## Task prompt
Could you transcribe every record below exactly as written, leaving out any pictures?

Raw data Start Marker

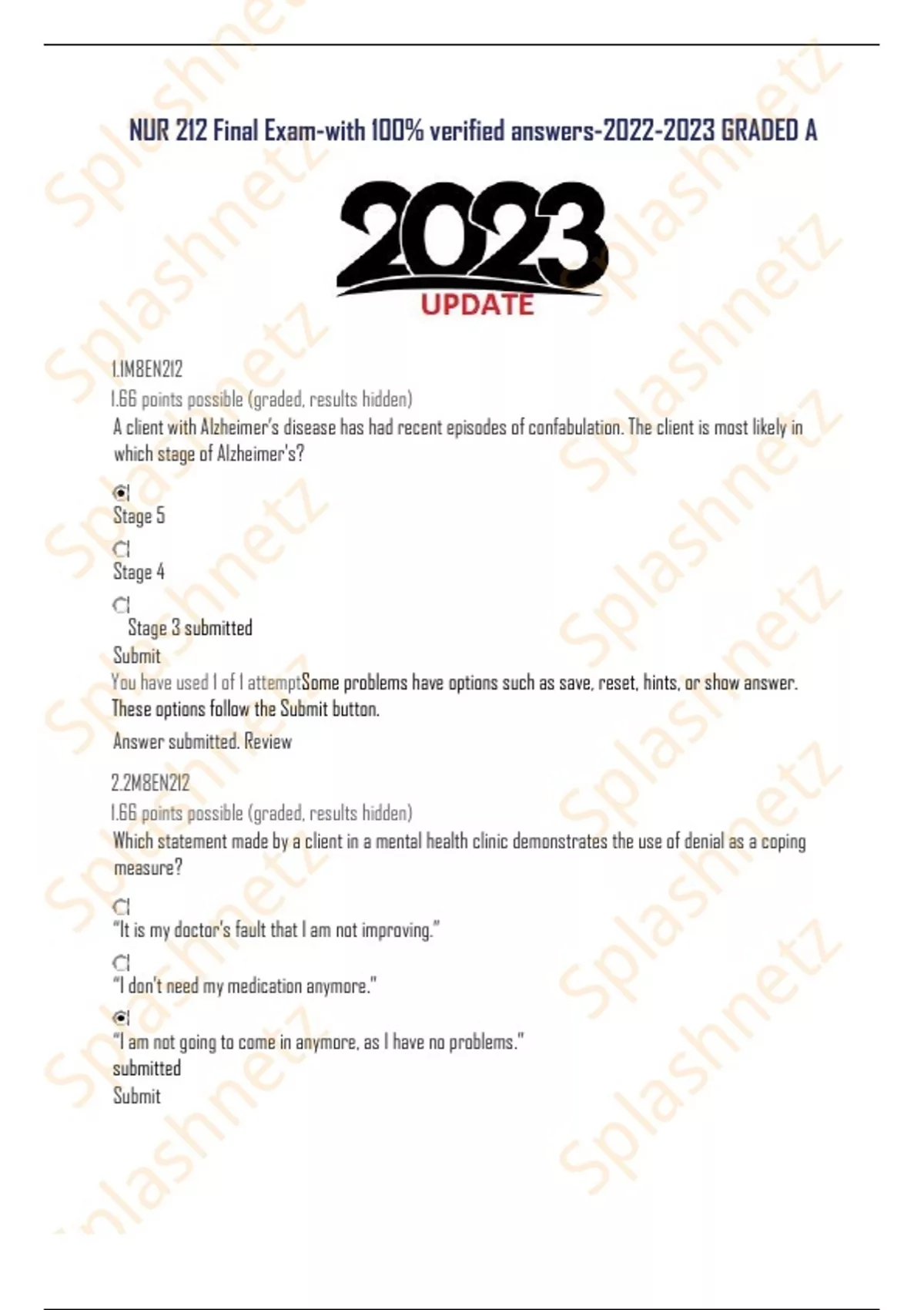 NUR 212 Final Exam-with 100% verified answers-2022-2023 GRADED A
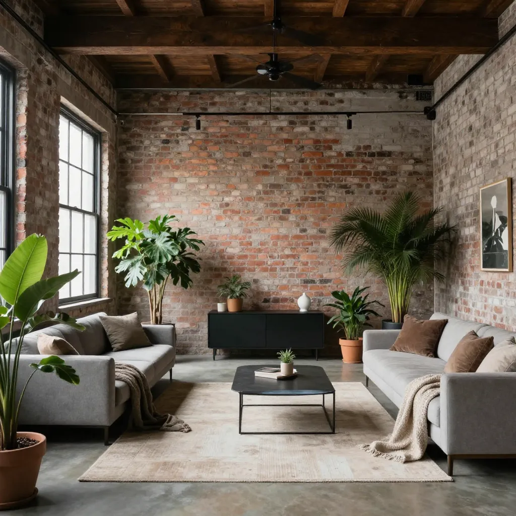 A spacious urban loft featuring minimalist design was enhanced with large statement plants that add warmth and natural texture to the industrial aesthetic.
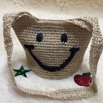 富凱鉤針笑顔包、紙ひも草編包旅行休暇ビーチバッグファッションショッピングレジャーバッグ
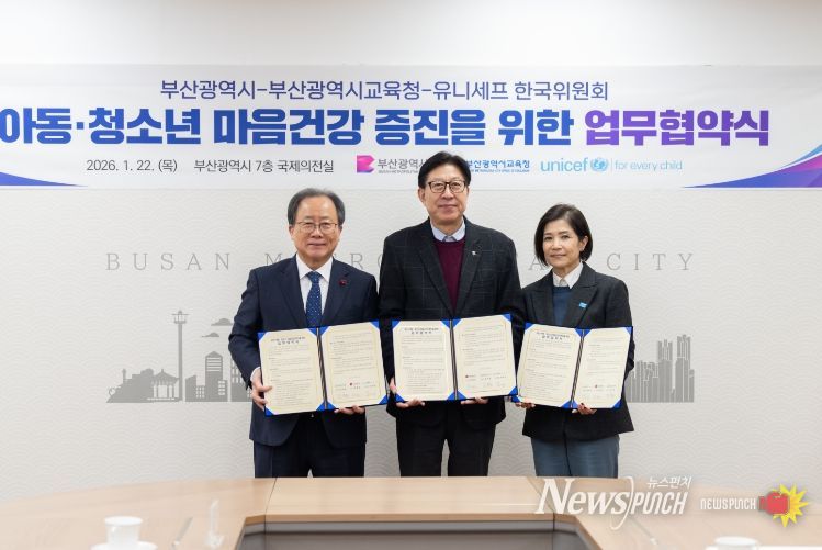 뉴스펀치 김윤걸 기자 | 부산광역시교육청은 지난 22일 오후 부산시청 7층 국제의전실에서 부산시, 유니세프 한국위원회(사무총장 조미진)와 함께 부산 지역 아동·청소년의 마음건강 증진을 위한 업무협약(MOU)을 체결했다.
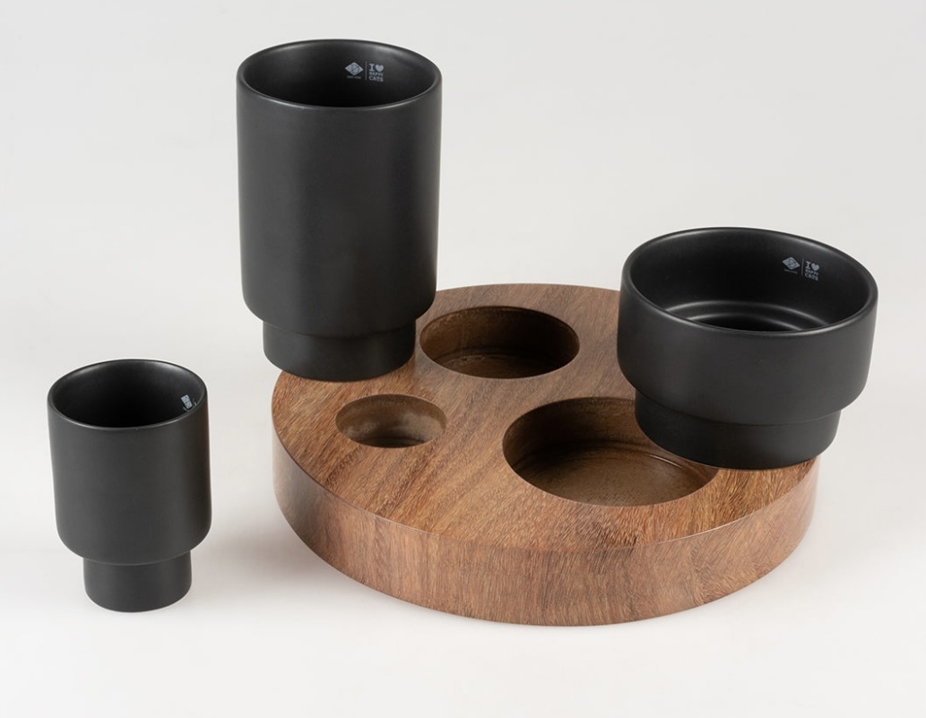Laat je kat op een speelse manier trager eten en voorkom gezondheidsproblemen met deze slow down verrijkingskom. Ontworpen in samenwerking met kattengederagstherapeut Anneleen Bru. Deze mooie design verrijkingskom met 3 kommen van verschillende hoogtes stimuleert je kat om op een speelse manier te eten en doet haar ook trager eten, wat goed is voor haar lichamelijk en geestelijk welzijn. Het voedsel op meerdere plaatsen in huis aanbieden met verfijnde kommen zoals de IGGY is goed voor je kat en voorkomt verveling, stress en overgewicht. De stijlvolle artisanale keramische kommen staan op een houten schijf die hen stabiel houdt wanneer je kat haar poten gebruikt bij het eten.
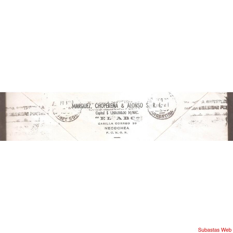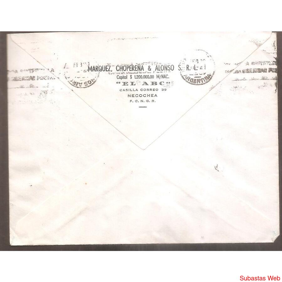 SOBRE CIRCULADO EL 20 DE FEBRERO DE 1957 DE NECOCHEA A BUENOS AIRES -CAPITAL, FRANQUEO: SAN MARIN DE 40ctvs DE PROCERES Y RIQUEZAS, MATASELLO DE NECOCHEA, AL DORSO MATASELLO CON BANDELETA DE BUENOS AIRES
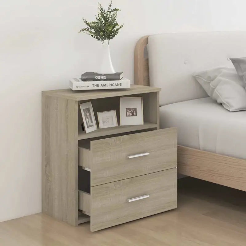 Het nachtkastje is stabiel en stevig. Daarnaast is het uitgerust met 2 lades en een schap, die voldoende opbergruimte bieden om je spullen overzichtelijk en binnen handbereik te houden. Het kastje is gemakkelijk schoon te maken met een vochtige doek.
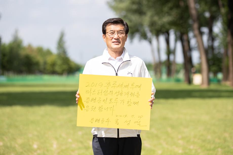 홍성열 증평군수가 세계 무예의 조화라는 주제로 충주시에서 개최되는‘2019 충주세계무예마스터십’대회성공기원 SNS 릴레이에 홍보 주자로 참여했다.
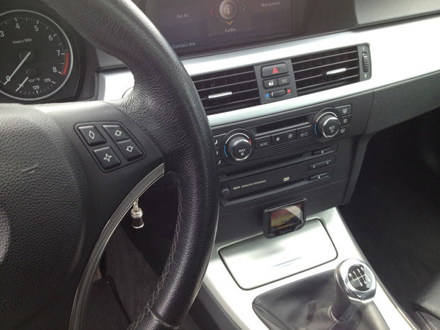 Kit Parrot : à la suite d’une reprogrammation calculateur, nous avons installé un kit parrot (prise iphone, usb…) sur une BMW 325i N52 de 218 cv.

Raw data End Marker

## Result for this exercise
 NUR 212 Final Exam-with 100% verified answers-2022-2023 GRADED A
 A spacious urban loft featuring minimalist design was enhanced with large statement plants that add warmth and natural texture to the industrial aesthetic.
 富凱鉤針笑顔包、紙ひも草編包旅行休暇ビーチバッグファッションショッピングレジャーバッグ
 뉴스펀치 김윤걸 기자 | 부산광역시교육청은 지난 22일 오후 부산시청 7층 국제의전실에서 부산시, 유니세프 한국위원회(사무총장 조미진)와 함께 부산 지역 아동·청소년의 마음건강 증진을 위한 업무협약(MOU)을 체결했다.
Laat je kat op een speelse manier trager eten en voorkom gezondheidsproblemen met deze slow down verrijkingskom. Ontworpen in samenwerking met kattengederagstherapeut Anneleen Bru. Deze mooie design verrijkingskom met 3 kommen van verschillende hoogtes stimuleert je kat om op een speelse manier te eten en doet haar ook trager eten, wat goed is voor haar lichamelijk en geestelijk welzijn. Het voedsel op meerdere plaatsen in huis aanbieden met verfijnde kommen zoals de IGGY is goed voor je kat en voorkomt verveling, stress en overgewicht. De stijlvolle artisanale keramische kommen staan op een houten schijf die hen stabiel houdt wanneer je kat haar poten gebruikt bij het eten.
 SOBRE CIRCULADO EL 20 DE FEBRERO DE 1957 DE NECOCHEA A BUENOS AIRES -CAPITAL, FRANQUEO: SAN MARIN DE 40ctvs DE PROCERES Y RIQUEZAS, MATASELLO DE NECOCHEA, AL DORSO MATASELLO CON BANDELETA DE BUENOS AIRES
 Het nachtkastje is stabiel en stevig. Daarnaast is het uitgerust met 2 lades en een schap, die voldoende opbergruimte bieden om je spullen overzichtelijk en binnen handbereik te houden. Het kastje is gemakkelijk schoon te maken met een vochtige doek.
 홍성열 증평군수가 세계 무예의 조화라는 주제로 충주시에서 개최되는‘2019 충주세계무예마스터십’대회성공기원 SNS 릴레이에 홍보 주자로 참여했다.
 Kit Parrot : à la suite d’une reprogrammation calculateur, nous avons installé un kit parrot (prise iphone, usb…) sur une BMW 325i N52 de 218 cv.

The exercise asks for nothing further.